Task objective: Retype the data below verbatim; pictures do not belong in the copy.
====== Information shown ======
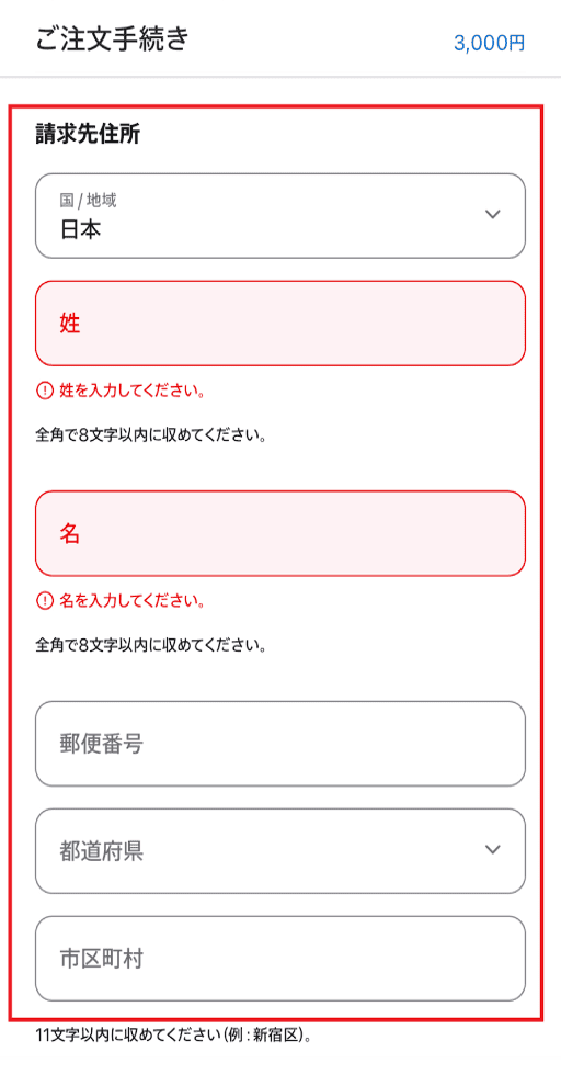 画面を下にスクロールして、請求先住所の情報を入力。
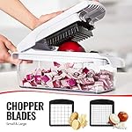 Quality materials and easy store – our multifunctional chopper dicer comes with a space-saving blade organizer, perfect for saving space in the kitchen. The abs plastic is nontoxic and bpa free guaranteeing healthy meals for your family.
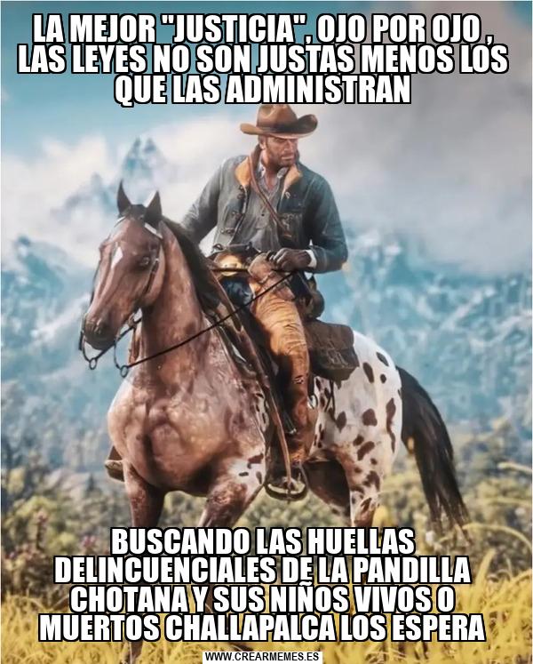 LA MEJOR "JUSTICIA", OJO POR OJO , LAS LEYES NO SON JUSTAS MENOS LOS QUE LAS ADMINISTRAN BUSCANDO LAS HUELLAS DELINCUENCIALES DE LA PANDILLA CHOTANA Y SUS NIÑOS VIVOS O MUERTOS CHALLAPALCA LOS ESPERA
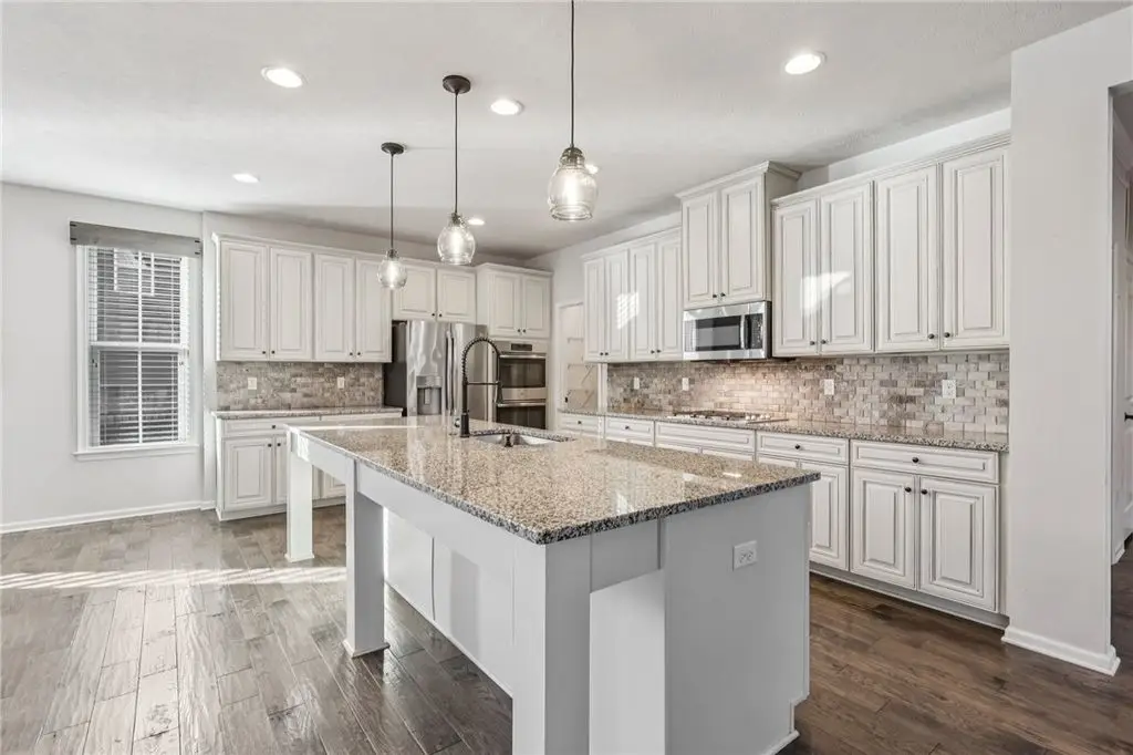 Welcome to 4462 Walnut Ridge, a stunning 4-bed, 5-bath home with a 3-car garage and open floor plan. The living room features a gas fireplace and flows into the dining area and gourmet kitchen with granite countertops, stainless steel appliances, walk-in pantry, and soft-close cabinetry. A private den with French doors, engineered hardwood floors, and elegant mouldings offers space for a home office or playroom. A mudroom with built-in storage is located at the garage entrance. The dining room opens to a concrete covered patio with sun shades, recessed lighting, ceiling fans, and serene views of the fenced backyard. Upstairs, the primary suite boasts 2 walk-in closets and a spa-like bath. Three additional bedrooms and two baths, a study nook, and laundry room complete the second floor. The finished lower level includes a game room with live edge bar and barrel sink, an exercise room, and full bath. A truly spectacular home - where luxury, comfort, and convenience merge in perfect harmony.
======
The answer:
 画面を下にスクロールして、請求先住所の情報を入力。
 Quality materials and easy store – our multifunctional chopper dicer comes with a space-saving blade organizer, perfect for saving space in the kitchen. The abs plastic is nontoxic and bpa free guaranteeing healthy meals for your family.
 LA MEJOR "JUSTICIA", OJO POR OJO , LAS LEYES NO SON JUSTAS MENOS LOS QUE LAS ADMINISTRAN BUSCANDO LAS HUELLAS DELINCUENCIALES DE LA PANDILLA CHOTANA Y SUS NIÑOS VIVOS O MUERTOS CHALLAPALCA LOS ESPERA
 Welcome to 4462 Walnut Ridge, a stunning 4-bed, 5-bath home with a 3-car garage and open floor plan. The living room features a gas fireplace and flows into the dining area and gourmet kitchen with granite countertops, stainless steel appliances, walk-in pantry, and soft-close cabinetry. A private den with French doors, engineered hardwood floors, and elegant mouldings offers space for a home office or playroom. A mudroom with built-in storage is located at the garage entrance. The dining room opens to a concrete covered patio with sun shades, recessed lighting, ceiling fans, and serene views of the fenced backyard. Upstairs, the primary suite boasts 2 walk-in closets and a spa-like bath. Three additional bedrooms and two baths, a study nook, and laundry room complete the second floor. The finished lower level includes a game room with live edge bar and barrel sink, an exercise room, and full bath. A truly spectacular home - where luxury, comfort, and convenience merge in perfect harmony.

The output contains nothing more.